» Requirement: Using the data below, print exactly the line with "一箱油半箱税,电车零成本上路?2026年政策调整,油电公平来了?", the line with "Bring color and", and every line between them, but none of the pictures.

» Stored data:
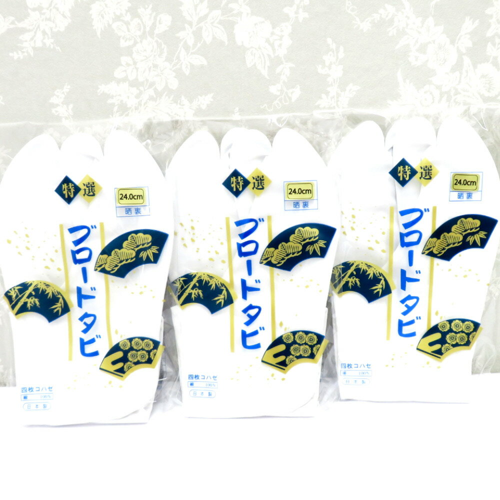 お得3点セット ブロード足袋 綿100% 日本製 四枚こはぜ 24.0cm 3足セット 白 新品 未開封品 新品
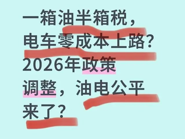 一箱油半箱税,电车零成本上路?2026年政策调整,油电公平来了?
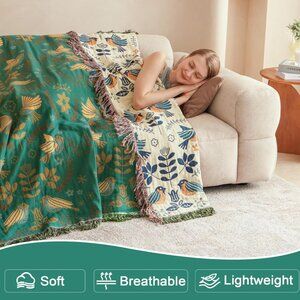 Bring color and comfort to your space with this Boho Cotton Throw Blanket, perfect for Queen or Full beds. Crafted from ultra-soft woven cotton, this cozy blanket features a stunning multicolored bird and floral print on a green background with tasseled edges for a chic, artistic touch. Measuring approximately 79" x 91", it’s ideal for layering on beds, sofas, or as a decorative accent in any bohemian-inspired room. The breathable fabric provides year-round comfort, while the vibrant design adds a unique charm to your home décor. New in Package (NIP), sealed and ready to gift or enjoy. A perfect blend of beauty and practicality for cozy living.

==

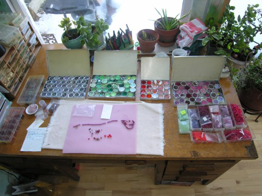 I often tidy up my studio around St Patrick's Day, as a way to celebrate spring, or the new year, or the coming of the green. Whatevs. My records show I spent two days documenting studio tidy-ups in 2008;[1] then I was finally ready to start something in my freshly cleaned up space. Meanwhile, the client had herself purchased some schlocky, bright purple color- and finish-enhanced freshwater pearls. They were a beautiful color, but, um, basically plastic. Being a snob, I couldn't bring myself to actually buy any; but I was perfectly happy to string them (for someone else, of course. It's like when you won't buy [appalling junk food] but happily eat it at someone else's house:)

» Output for this exercise:
 一箱油半箱税,电车零成本上路?2026年政策调整,油电公平来了?
 Bring color and comfort to your space with this Boho Cotton Throw Blanket, perfect for Queen or Full beds. Crafted from ultra-soft woven cotton, this cozy blanket features a stunning multicolored bird and floral print on a green background with tasseled edges for a chic, artistic touch. Measuring approximately 79" x 91", it’s ideal for layering on beds, sofas, or as a decorative accent in any bohemian-inspired room. The breathable fabric provides year-round comfort, while the vibrant design adds a unique charm to your home décor. New in Package (NIP), sealed and ready to gift or enjoy. A perfect blend of beauty and practicality for cozy living.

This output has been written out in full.